# Aperture vs Iphoto



## VADER1775 (Aug 25, 2008)

anyone have an opinion?


----------



## joethedestroyer (Aug 25, 2008)

well, if you're not going to be doing any easy post-processing (exposure, white balance, etc), iPhoto works great for storing your photos and removing redeye & cropping.  It's basically the same thing as iTunes, but for pictures.  

Aperture has a little bit of a wider reach in that it can do all the easy quick fixes without opening photoshop, and also that whenever you make a change to a "Master," it saves the changes into a new version, so you never lose the original image.  To my knowledge (and feel free to check my facts), iPhoto doesn't do that.  Aperture is costs a little more, but it's a little more flexible, in my opinion.  I think the backup vault thing is a little more streamlined than whatever iPhoto has, too.


----------



## Jeff Canes (Aug 25, 2008)

i miss read OP


----------



## photogincollege (Aug 25, 2008)

I dont know about aperture, as I have never used it. But I hate iphoto.


----------



## holga girl (Aug 25, 2008)

i have used aperture, lightroom and iphoto. of the 3, i chose lightroom. but if we are only comparing aperture and iphoto, i would have to go with aperture. hands down. the one thing aperture has on all of them, is the ability to watermark.


----------



## reg (Aug 29, 2008)

holga girl said:


> the one thing aperture has on all of them, is the ability to watermark.



False. Lightroom can watermark. There's a dialog box for it.


----------



## bhop (Aug 29, 2008)

They're not the same type of program, so there really is no comparison.  Aperture is full editing software, iPhoto is an organization and browsing tool with some basic editing features thrown in (red-eye, b/w conversion, etc.)


----------



## johngpt (Aug 29, 2008)

Don't know about Aperture, but with iPhoto, one must be very cognizant of its idiosyncrasies. It catalogs images in ways that aren't at first easy to understand.

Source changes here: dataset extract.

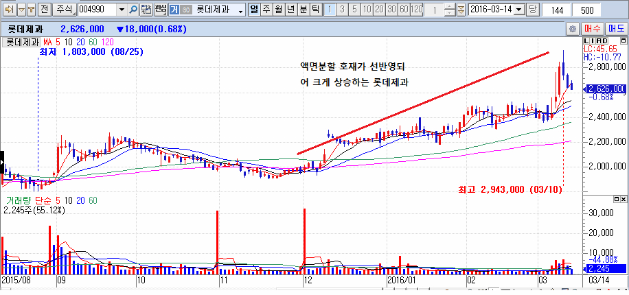 롯데제과는 계속해서 치솟으며 52주 신고가를 나날이 갈아 치웠죠. 액면분할 효과때문입니다.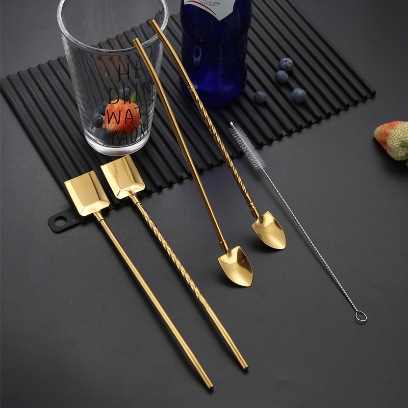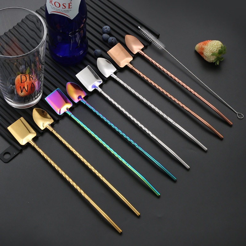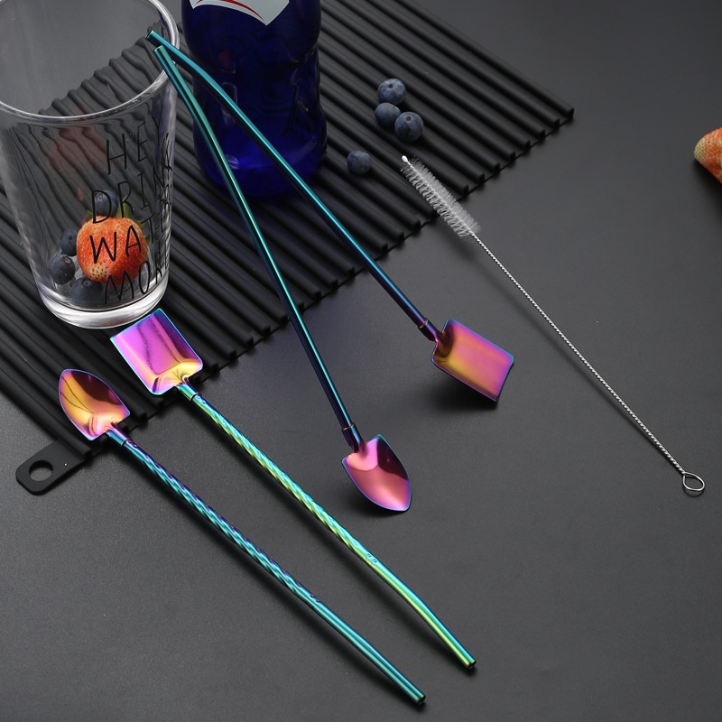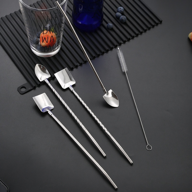 Ống hút inox 304 kèm muỗng tiện lợi, thìa kiêm ống hút nhiều màu vừa hút vừa khuấy

First and foremost, if one uses iPhoto to bring the actual images into one's computer, never, never, never use Finder to move those images around.

I will use iPhoto, but I only let it import aliases of the images, never the actual images themselves.

I like iPhoto's ability to create 'slideshows' and export as quicktime movies, which can then be imported into iDVD. I like its ability to interact with iTunes.

I refuse to use it to manage my photo libraries. I wouldn't bother with its image editing. 

Aperture, Lightroom, and just about any other image/library management software would be preferable for someone who is serious about keeping track of their images.


----------



## TUX424 (Sep 2, 2008)

I have iphoto 06' and i really dont like it i thnk the ways to organize ur photos is stupid and it donsnt work,
Aperture on the other hand i feel is much better but if u want to adjust the white balance/ exposer ur pictures have to be in RAW b/c that way ur camera has saved some info about it im not sure the exate way that it works


----------